Tulsa Man Sentenced To 35 Years In Prison For DUI Crash That Killed ORU Soccer Player

A man who was found guilty of second-degree murder for a DUI crash that killed an ORU soccer player in 2022 has been sentenced.

Wednesday, February 21st 2024, 2:55 pm

By: News On 6


A man who was found guilty of second-degree murder for a DUI crash that killed an ORU soccer player in 2022 has been sentenced.

Nicholas Robinson received a 35-year sentence for the conviction on Wednesday, as the jury recommended in January 2023.

His second count on the case, DUI, was dismissed by agreement of prosecutors and the court.

The crash happened on Sept. 28, 2022, around 10:30 p.m. near 71st and Yale. Robinson was driving 73 mph in a 45 mph zone when he crashed into Eugene Quaynor, who was sitting at the red light at the intersection, according to police reports.

Related Stories:

  1. ORU Student, Soccer Player Killed In Overnight Crash
  2. Driver Accused Of Killing ORU Soccer Player In Crash Identified, Charged
  3. Trial Begins For Man Accused Of DUI Crash That Killed ORU Soccer Player
  4. Jury Finds Tulsa Man Guilty Of Murder And DUI For 2022 Crash

Quaynor came to ORU from Ghana on a soccer scholarship.

His friends said he was a hard worker, a good leader and he was kind.

"When people die, everyone overhypes them,” said Elizabeth Zellmer. “But you really cannot overhype. You can't overhype Eugene Quaynor."

Robinson will have to serve 85 percent of the sentence before being eligible for parole.

There’s a bill making its way through the state House that would require anyone convicted of accessory to murder in the first or second degree to serve 85 percent of their prison sentence.

House Bill 2946 is named in honor of 16-year-olds Lauria Bible and Ashley Freeman.

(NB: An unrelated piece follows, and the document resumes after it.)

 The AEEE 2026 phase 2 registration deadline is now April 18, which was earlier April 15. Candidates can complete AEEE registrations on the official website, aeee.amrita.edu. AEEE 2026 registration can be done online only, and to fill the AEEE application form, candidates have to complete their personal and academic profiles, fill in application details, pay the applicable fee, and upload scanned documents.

The pair were kidnapped from a home in Welch, Okla., in December 1999 and presumed killed.

State Rep. Steve Bashore (R-Miami) said he filed the bill because the man who pleaded guilty in their case, Ronnie Busick, was released after only a few years.

Since Oklahoma became a state, there's been a law in place to give prisoners credits that reduce their sentences, so they rarely serve their sentences in full.

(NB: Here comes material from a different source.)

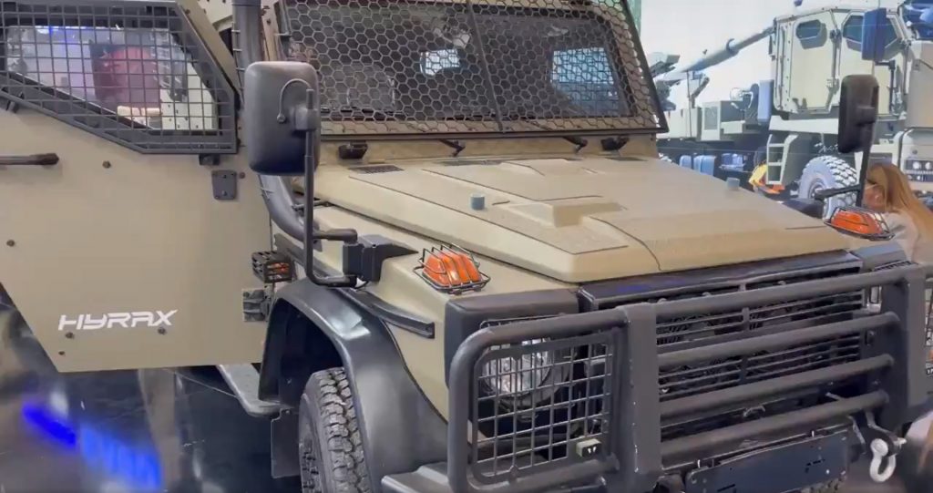 Η ισραηλινή SK Group και η ΕΛΒΟ παρουσιάζουν στην έκθεση οπλικών συστημάτων DEFEA το στρατιωτικό όχημα Hyrax. Στη θωράκιση του Hyrax εμπλέκεται η επίσης ισραηλινή εταιρεία Plasan.

Prisoners get credit for the time they spent in the county jail and once they get to prison, they get credits for taking classes, having a job, maintaining good hygiene, a clean cell and having a good attitude with staff and other prisoners.

Level 1 prisoners get zero credits. That's people on death row or who have escaped.

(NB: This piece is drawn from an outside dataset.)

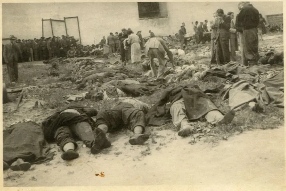 На цій світлині ви бачите трупи мешканців Львова, які були замордовані росйськомовними вбивцями у червні 1941 року в тюрмі на Лонцького. На фото ви бачите родичів і знайомих, які все ще мають надію впізнати своїх найдорожчих чи близьких людей і оглядають понівечені тіла (ця світлина, за даними Ігоря Іванькова, була зроблена між 1 та 5 липня 1941 року).

Most everyone starts at Level 2, earning 22 days of credit a month.

Level 3 earns 33 days a month.

Level 4, 44 days each month.

Enhanced Level 3 is 45 days and Enhanced Level 4 is 60 days credit for every 30 served.

So, if you're on Level 2 and have a 10-year sentence, you're released after 5.8 years.

On the advanced level, for a 10-year sentence, you're out in 3.5 years.

The Department of Corrections does not consider that early release. It considers it time served based on the law.

If a prisoner has infractions or breaks the rules, they can lose credit.